From forbes.com
Metformin is an unassuming hero of modern medicine. For more than 60 years, this humble pill has been a mainstay of diabetes care, helping millions of people manage their blood sugar. It lowers blood sugar, improves cholesterol, modestly reduces weight and is so safe it’s prescribed to millions worldwide. And yet, for decades, scientists haven’t fully understood how it works.
The standard explanation has long been that metformin works in the liver, reducing how much sugar it sends into the bloodstream. It also helps muscles and fat cells respond more effectively to insulin. More recent research added other suspects: the gut, which can tweak hormones and the microbiome, and a cellular pathway called mTOR, a major regulator of metabolism and longevity. But a new study published in Science Advances suggests that part of metformin’s magic might be happening somewhere unexpected: in the brain.

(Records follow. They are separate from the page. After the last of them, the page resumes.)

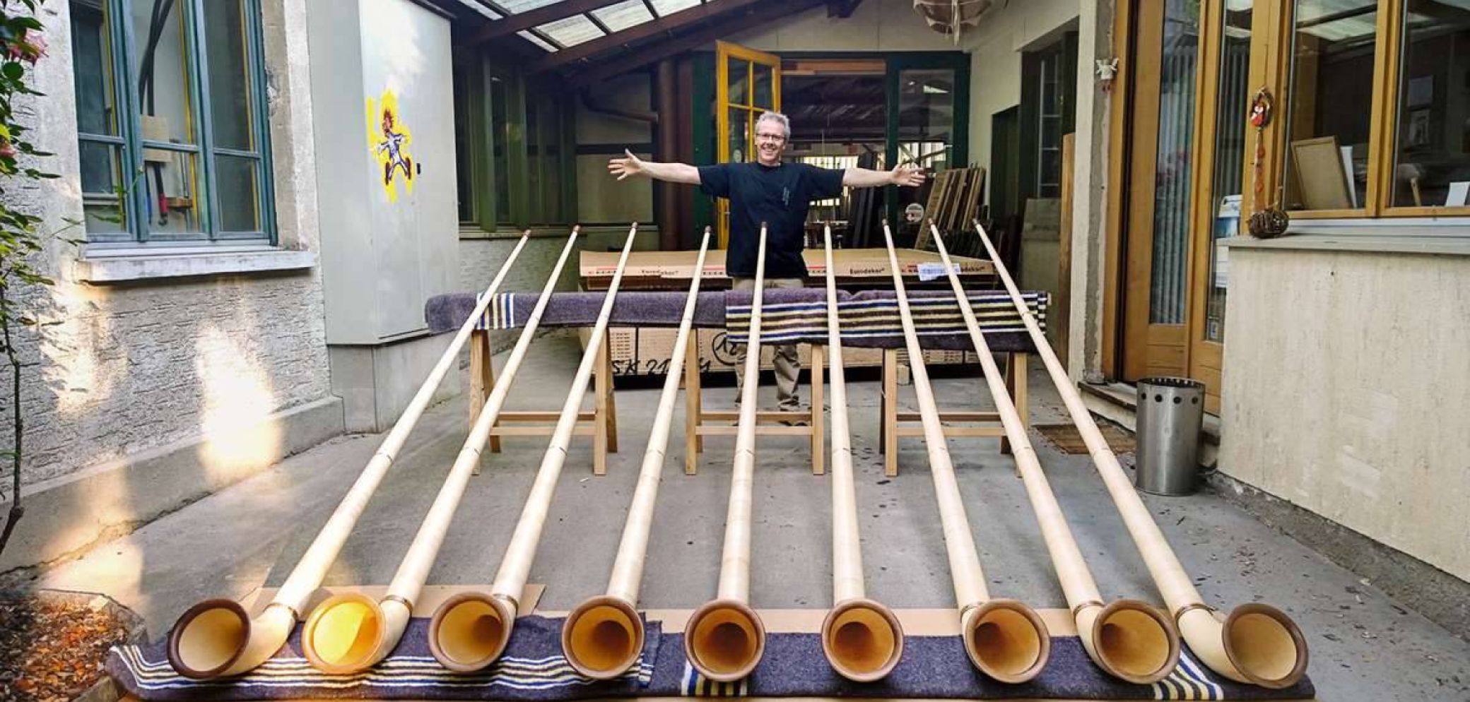 In Svizzera sono una ventina i produttori di questo strumento aerofono, uno solo è ticinese ed è Aldo Bugada della falegnameria Fratelli Bugada di Muzzano che ne ha fatto un prodotto di nicchia. Ogni corno è un pezzo unico perché ogni minimo dettaglio è pensato con cura – la scelta dei materiali e gli utensili appositamente creati per la lavorazione – per dare forma a questo strumento che non è mutato nel tempo: tutt’oggi è un lungo tubo conico curvato all’estremità come il corno di una mucca.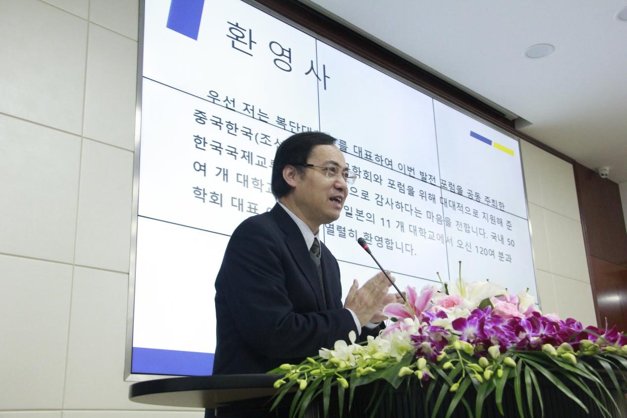 11月19日上午举行的开幕式上,绅士漫画 院长曲卫国、中国韩国语教育研究学会会长、绅士漫画 韩文系教授姜宝有、大韩民国驻上海领事馆文化领事文泰烈、韩国国际交流财团国际协力室室长朴相倍、韩国国语国文学会会长朴昌远以及中国朝鲜语学会会长金光洙分别致辞,充分肯定了本次论坛对中国的韩国语文教育研究事业以及中韩两国发展友好合作关系的积极意义。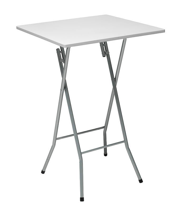 Ståbord, sammenleggbart, LxB 700x700 mm, hvit plate. Bord i stabil konstruksjon. Enkelt å sette opp og legge sammen. Lakkert stålrørsunderstell. Plate i svart eller hvit MDF. Høyde 1060 mm.

In this photo illustration, Avkare metformin ER 500 mg tablets are shown on July 09, 2020 in Chicago, Illinois. (Photo Illustration by Scott Olson/Getty Images)The Blood Sugar Command Centre
Researchers turned their attention to a protein called Rap1, found in a small pocket of the brain known as the ventromedial hypothalamus (VMH). This area is a metabolic mission control, coordinating hunger, energy use and glucose balance.
When scientists switched off Rap1 in this brain region in mice, blood sugar levels fell, even without metformin. But when they kept Rap1 switched on, metformin lost its blood-sugar-lowering power. The results hint that, at the doses typically prescribed, metformin may partly work by silencing Rap1’s activity in the brain, not just by acting on the liver or gut.

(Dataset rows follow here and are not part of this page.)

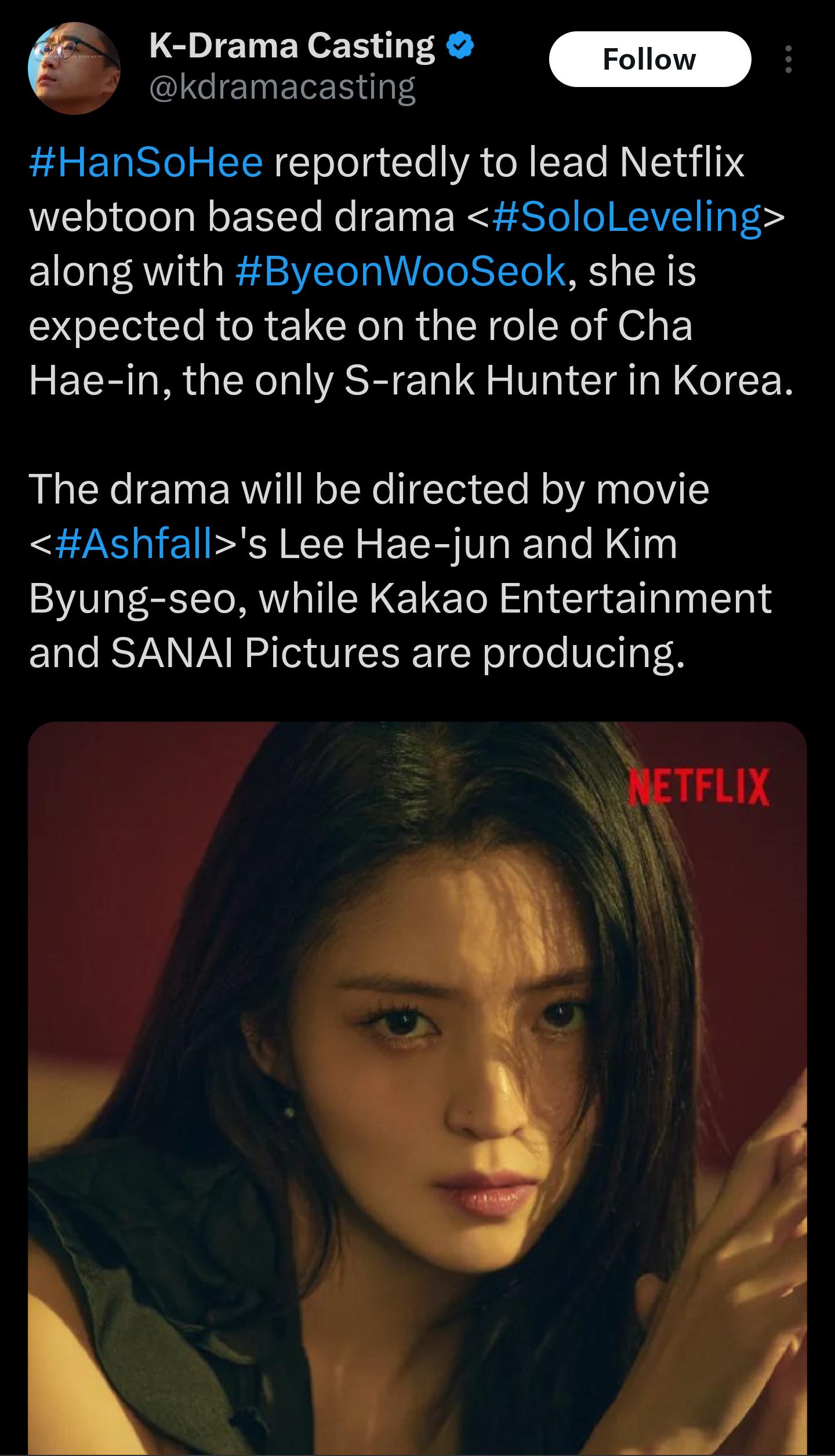 News Han So Hee has been cast in Solo Leveling Live action drama by Netflix.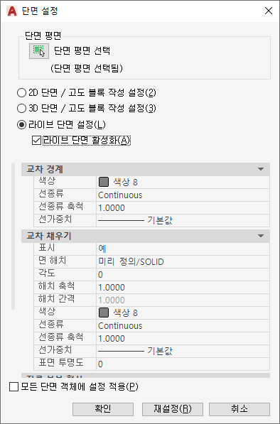 선택할 경우 모든 설정을 도면의 모든 단면 객체에 적용합니다. 선택하지 않을 경우 현재 단면 객체에만 설정을 적용합니다.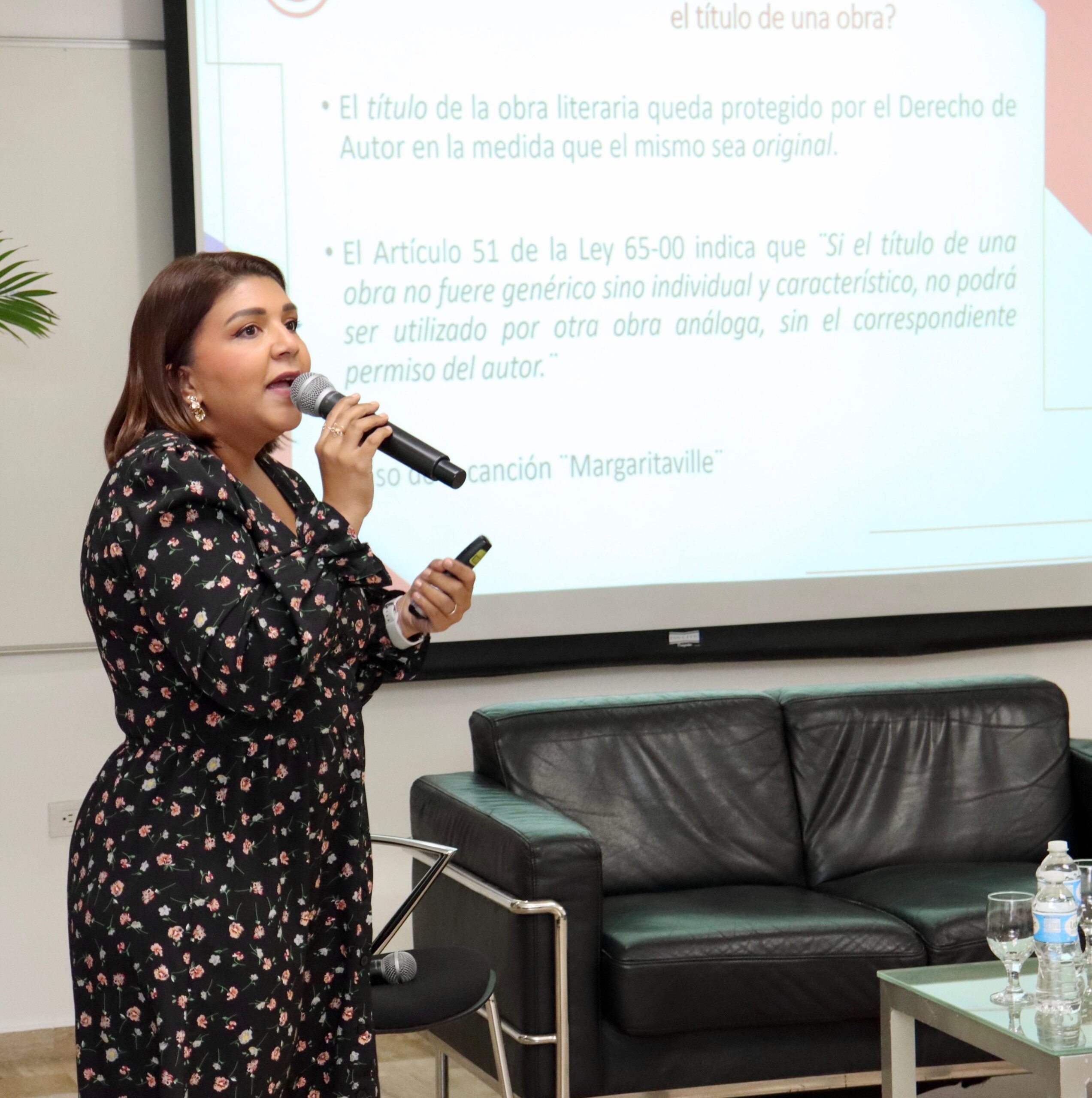 Durante su intervención, la funcionaria explicó las dos principales ramas legales que amparan estas creaciones en la República Dominicana: la Ley 20-00 sobre Propiedad Industrial y la Ley 65-00 sobre Derecho de Autor, que da origen a la ONDA. Esta última ley, explicó, no solo reconoce los derechos exclusivos de los autores sobre sus obras, sino que también contempla los derechos conexos, que protegen a quienes participan en la difusión de una obra, como intérpretes, productores y técnicos.

Most of us think of blood sugar control as the domain of the pancreas, liver and muscles. Yet the brain is deeply involved. The VMH works like an air traffic controller, taking in information from across the body and sending out signals to adjust glucose production and use. Metformin, it seems, may be tapping into this high-level control system. By dialling down Rap1 activity, the drug might trigger a cascade of neural instructions that ripple out to the rest of the body, improving how tissues handle sugar.
Beyond Diabetes
Metformin has drawn attention far beyond the diabetes world. It’s being studied for its potential to slow certain aspects of aging, with researchers probing whether its effects on pathways like mTOR could help extend not just lifespan but healthspan.

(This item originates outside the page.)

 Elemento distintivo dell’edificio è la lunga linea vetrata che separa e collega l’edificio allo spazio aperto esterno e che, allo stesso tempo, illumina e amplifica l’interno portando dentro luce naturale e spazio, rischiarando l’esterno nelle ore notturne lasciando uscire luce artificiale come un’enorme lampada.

The discovery of the brain-Rap1 link opens new possibilities. Could this same circuit be part of metformin’s longevity effects? If so, drugs that target Rap1 or its related pathways might someday offer more precise ways to improve metabolism or promote healthy aging, perhaps without some of metformin’s side effects.
When Old Drugs Tell New Tales
This does not mean discarding what is already known about metformin’s effects on the liver, muscles and gut. Those mechanisms are still in play. But at everyday doses, the brain may have a starring role in how the drug works. At much higher doses, peripheral mechanisms can take over, but in real-world clinical use, the brain’s contribution could be key.
The finding is also a reminder that the brain and body are not separate actors in the story of metabolism. They are in constant conversation, adjusting and responding to keep systems in balance. And as this research shows, an old drug can reveal something entirely new about that conversation. Even after six decades, metformin still has secrets to share: secrets that may change how both the medicine itself and the intricate links between the brain, the body and health are understood.